First, let’s talk retail. Retailers worldwide have developed sophisticated retailing techniques to better serve their customers – as such, they’re constantly looking for the competitive edge and better ways to reach customers, more efficient customer journeys and opportunities to proactively meet customer needs.
These retailers don’t see themselves as “product-centric” suppliers, but rather fulfilling customer needs, and asking themselves “what else can I do for the customer?”

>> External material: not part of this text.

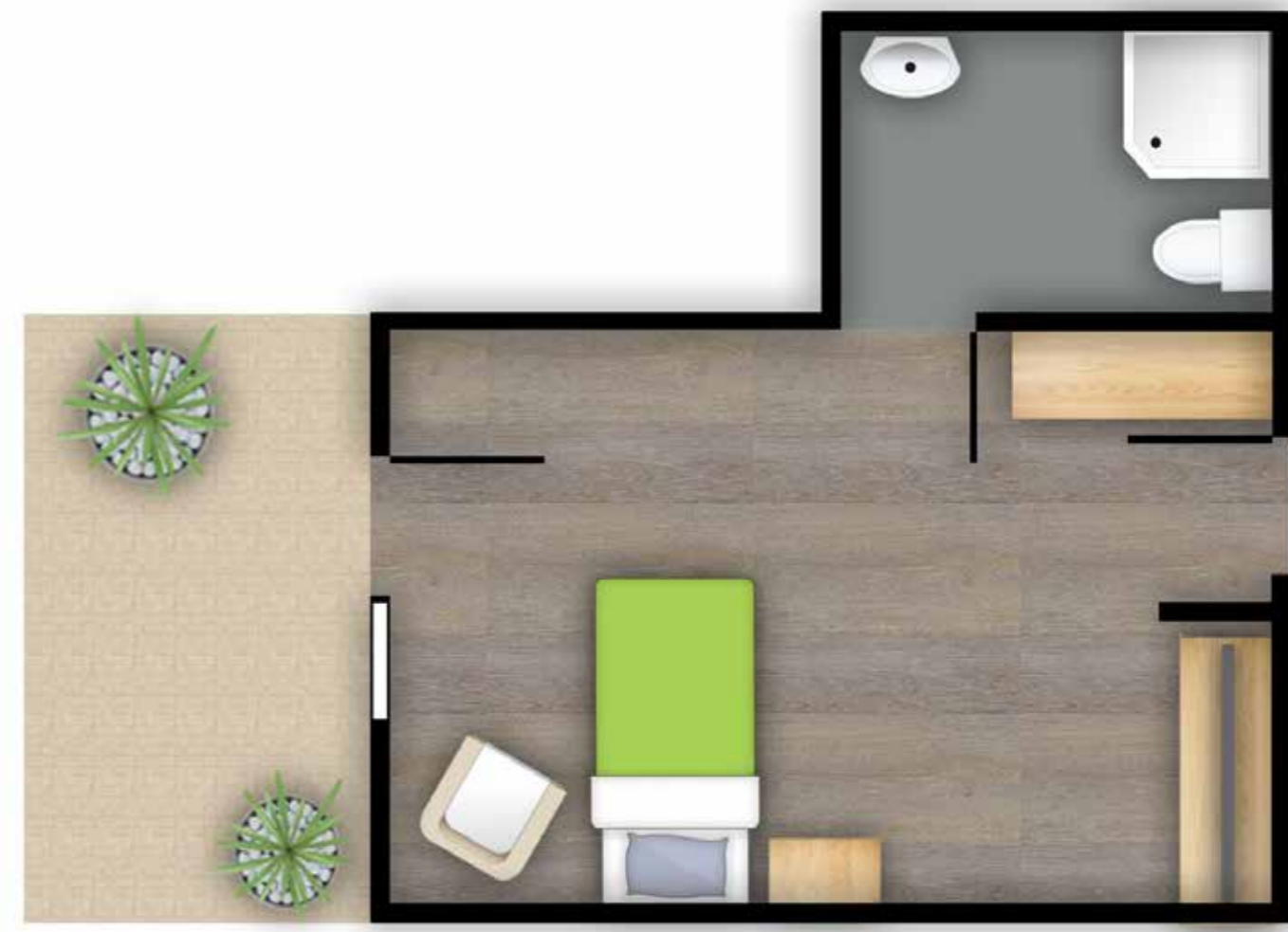
Private, suite Typical

It’s time for airlines to follow suit.
For a long time, airlines that have pursued product-centricity have been challenged by:
- Limited visibility into individual traveller preferences
- Difficulty selling and servicing a broad range of personalised offers
- Struggled to manage complex partnership agreements due to inadequate system capabilities
Being customer-centric is vital to being one of today’s successful retailers. Guiding shoppers, both online and offline, in a way that encourages them to add items to their shopping baskets.
There’s no difficulty for airlines to demonstrate a fundamental mindset shift to think beyond the seat, and truly behave like retailers by enabling customer-centric innovation. The new frame of reference among the airline retailing model is: “How do I fulfil my customer’s end-to-end needs to capture maximum share of wallet, while maximising the lifetime value of each customer?”
Besides, travellers want to be recognised so they can enjoy personalised, contextualised, and seamless experiences that meet their needs throughout their traveller experience.
Technology and modern consumer experiences are key drivers of evolving customer expectations. The thing about ‘retailing’ is, that it puts the customer at the heart of the business to become more customer centric.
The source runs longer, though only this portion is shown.